-
Notifications
You must be signed in to change notification settings - Fork 395
Description
When forwarding AWS WAF logs with the Datadog Forwarder Lambda v5.2.1, the message field often arrives as a JSON object (dict), not a string. The forwarder tries to scrub message assuming it’s a string, which throws an exception, so the early scrubbing step fails. The batch-level scrubbing still hides sensitive fields in the final payload, but the intermediate error shows up and the early scrubbing is skipped.
Environment
Forwarder: datadog-serverless-functions, [aws-dd-forwarder-5.2.1 (Layer v95)]
Log source: AWS WAF (WAFv2) via CloudWatch Logs
Runtime: AWS Lambda
Steps to Reproduce
Deploy Forwarder v5.2.1.
Subscribe it to an AWS WAF CloudWatch Logs group.
Produce a WAF event where message is an object (dict/list).
Observe an exception when scrubbing message, because it’s not a string.
Environment variables:
DD_SCRUBBING_RULE (Basic|Bearer)\s[^"]+
DD_SCRUBBING_RULE_REPLACEMENT HIDDEN
Expected Behavior
No exception even if message is dict/list/bytes.

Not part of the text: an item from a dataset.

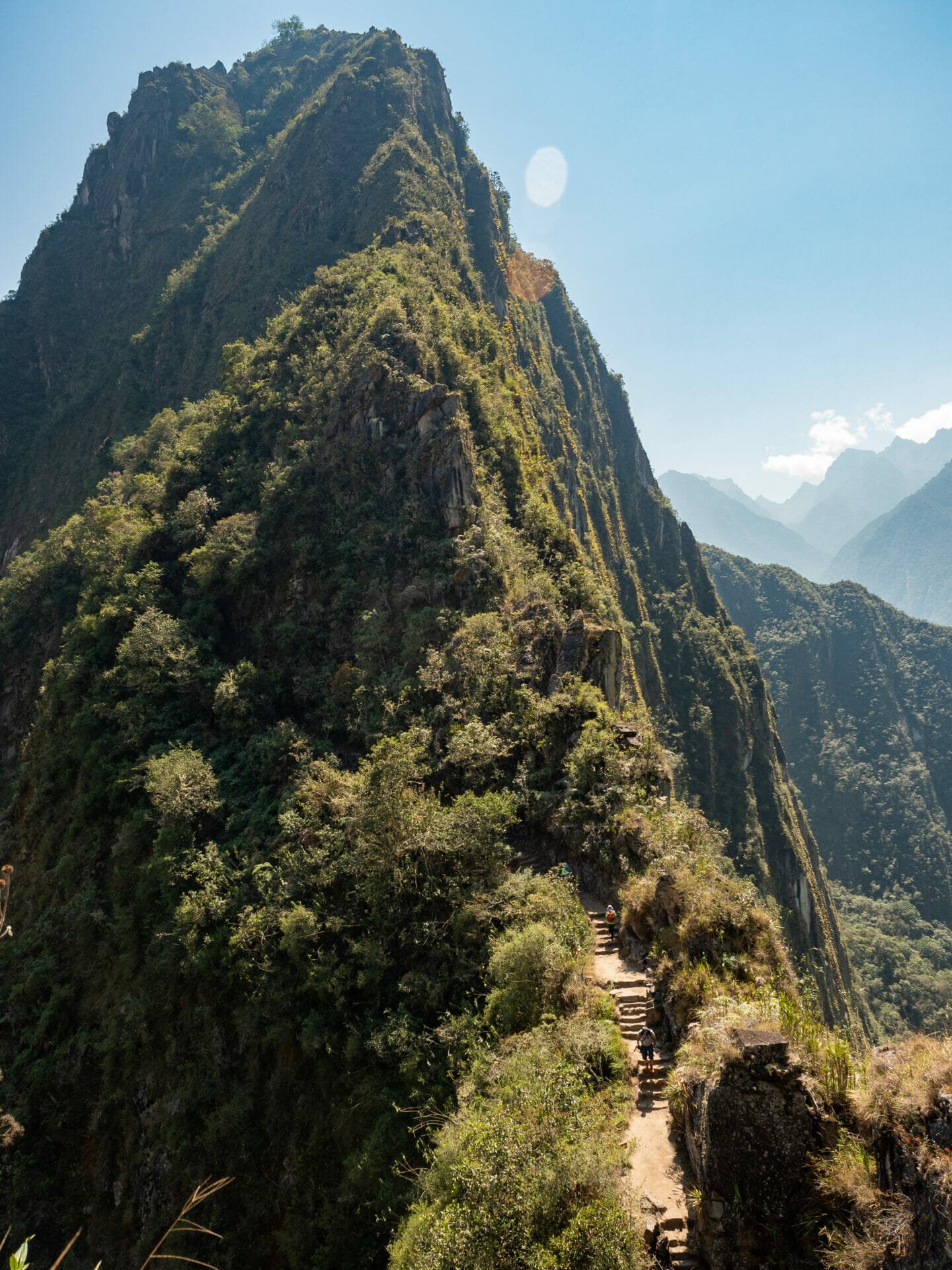Dad and Eileen climbing Huayna Picchu with Machu Picchu in the background

Scrubbing applied safely, or skipped locally and applied after batch serialization.
Actual Behavior
The code attempts to scrub message directly; if message is dict/list, it fails.
This creates noisy errors and the early scrubbing of message doesn’t run.

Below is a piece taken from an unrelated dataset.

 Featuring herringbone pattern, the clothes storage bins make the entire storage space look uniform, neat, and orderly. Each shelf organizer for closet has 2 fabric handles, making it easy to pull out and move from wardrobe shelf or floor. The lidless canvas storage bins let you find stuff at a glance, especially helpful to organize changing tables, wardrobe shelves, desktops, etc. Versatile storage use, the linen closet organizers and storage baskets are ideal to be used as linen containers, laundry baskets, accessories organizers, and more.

The global scrubbing on the serialized batch still masks sensitive fields.
[ERROR] 2026-02-03T09:57:06.263Z 6d700627-90fe-4a0c-a31e-f0cda8a7f9fc Exception while scrubbing log message {'timestamp': 1770112318534, 'formatVersion': 1, 'webaclId': 'arn:aws:wafv2:
Workaround Applied
We added the following normalization before scrubbing message at forwarder.py line 101:
import json
log["message"] = scrubber.scrub(log["message"])
evaluated_log = log["message"]
if isinstance(log["message"], (dict, list)):
payload = json.dumps(log["message"], ensure_ascii=False, separators=(",", ":"), default=str)
elif isinstance(log["message"], (bytes, bytearray)):
payload = log["message"].decode("utf-8", "replace")
elif isinstance(log["message"], str):
payload = log["message"]
else:
payload = str(log["message"])
log["message"] = scrubber.scrub(payload)
evaluated_log = log["message"]
Proposed Fix
In the “apply scrubbing rules to inner log message” section, guard by type:
If message is str, scrub directly.
If dict/list, json.dumps(..., default=str) then scrub.
If bytes, decode to UTF-8 (replace) then scrub.
Otherwise, str() then scrub.
Minimal alternative: if message is not str, skip local scrubbing and rely on the batch-level scrubbing after serialization.
Impact
Unnecessary exceptions in Forwarder logs.
Early scrubbing doesn’t run for non-string messages, relying solely on batch-level scrubbing.
Happy to provide more details or open a PR if helpful.